Host load prediction using linear models

  • Authors:
  • Peter A. Dinda;David R. O'Hallaron

  • Affiliations:
  • Department of Computer Science, Northwestern University, 1890 Maple Avenue, Evanston, IL 60201, USA;Computer Science Department, Carnegie Mellon University, 5000 Forbes Avenue, Pittsburgh, PA 15213, USA

  • Venue:
  • Cluster Computing
  • Year:
  • 2000

Quantified Score

Hi-index 0.00

Visualization

Abstract

This paper evaluates linear models for predicting the Digital Unix five-second host load average from 1 to 30 seconds into the future. A detailed statistical study of a large number of long, fine grain load traces from a variety of real machines leads to consideration of the Box–Jenkins models (AR, MA, ARMA, ARIMA), and the ARFIMA models (due to self-similarity.) We also consider a simple windowed-mean model. The computational requirements of these models span a wide range, making some more practical than others for incorporation into an online prediction system.
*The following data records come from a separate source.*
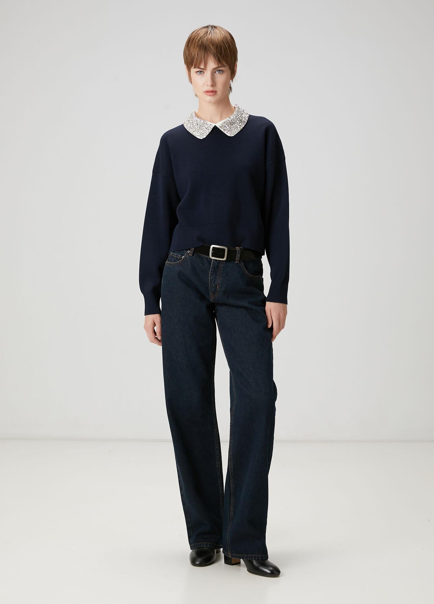Normal (mid-rise) bel, düz (straight) paça jean pantolon. 5 adet cepli. Ürün bedeni: 26 / Model ölçüsü: Boy: 178 cm Göğüs: 85 cm Bel: 59 cm Kalça: 91 cm.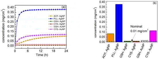 Evolution of the NPs’ concentration at the bottom of the wells of the cell culture plates used for the in vitro assays, as simulated by the “in vitro dosimetry” web application, can be seen in Figure 4a. After obtaining the NPs concentrations in the bottom compartment of the assay plates for a 1 h time interval, the median value was calculated. The latter is shown in Figure 4b. Our calculation demonstrated that accumulation of NPs at the bottom of the wells can be considered a complex process and cannot be explained only by the NPs’ size, but it is also influenced by the surface charge and the type of surface coating. For example, sedimentation of the PLL-AgNP reached equilibrium in less than 8 h, resulting in the highest number of NPs at the bottom of the wells compared to all other NPs tested. A similar sedimentation rate was observed for GSH- and CYS-AgNPs, while the AOT-AgNP sedimentation was much slower and did not reach a plateau until almost 24 h. Despite the deposition of larger NPs being expected to be enhanced by the impact of gravity compared to smaller NPs, such a trend was not obvious as a smaller amount of the larger-sized AOT-AgNP (48.1 ± 2.0 nm) settled to the well bottom compared to the smaller CYS-AuNP (18.7 ± 11.1 nm). Comparison of the nominal (dispersion concentration) and the effective concentrations in the bottom layer close to the cells, as calculated by the “in vitro dosimetry” web application, indicates that the cells are exposed to a much higher concentration of some of the NPs than what can be assumed from the reported nominal values, while this exposure amount is dependent on the NPs’ behavior in the dispersion, i.e., sedimentation rate and possible agglomeration, which is unique for each NP type (see Figure 4b).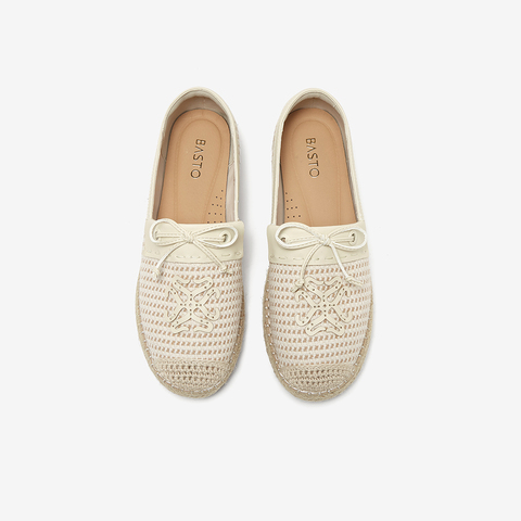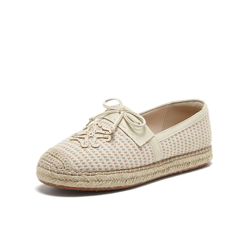 百思图2025春季新款简约蝴蝶结复古渔夫鞋平跟女单鞋A0202AA5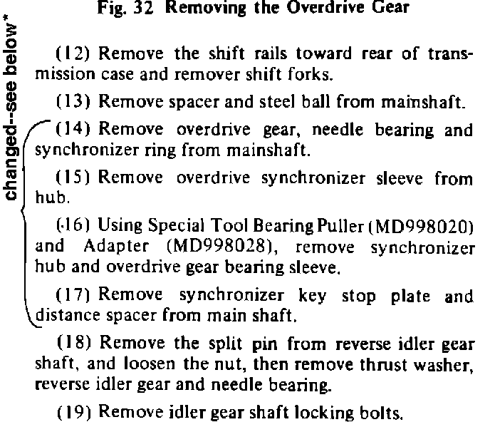 Spacer thickness has been changed to comply with adoption of reverse gear (which is serviced as a separate part) as shown in Figure 5.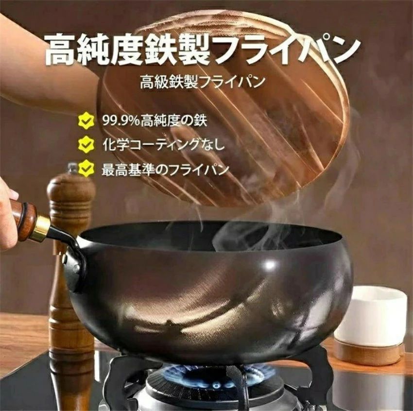 古法鉄鍋 フライパン 焦げ付かない 伝 鍋+ガラス蓋【24cm】 鍋+木製蓋【24cm】 鍋+ガラス蓋【28cm】 鍋+木製蓋【28cm】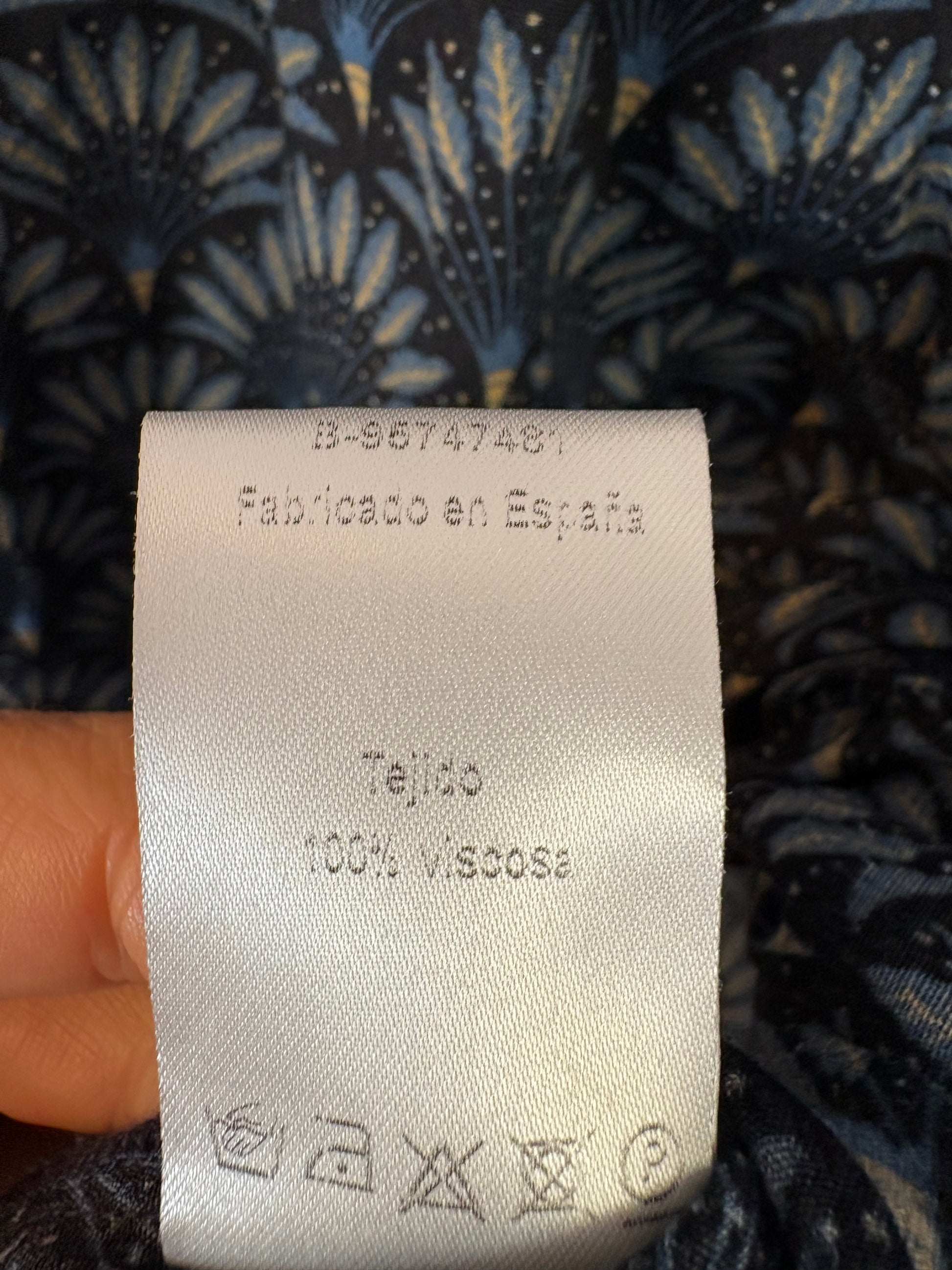 Pantalón: cintura 33 semi elástica, largo 122 cm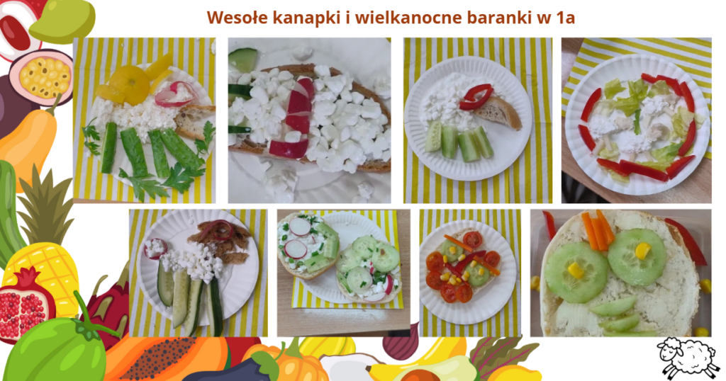 Dziś w klasie 1a zagościły wielkanocne baranki z serka grani oraz wesołe kanapki. Dzieci jak zwykle bawiły się wyśmienicie, przygotowując smaczne

We rigorously evaluate the predictive power of the models by running a large number of randomized testcases on the load traces and then data-mining their results. The main conclusions are that load is consistently predictable to a very useful degree, and that the simple, practical models such as AR are sufficient for host load prediction. We recommend AR(16) models or better for host load prediction. We implement an online host load prediction system around the AR(16) model and evaluate its overhead, finding that it uses miniscule amounts of CPU time and network bandwidth.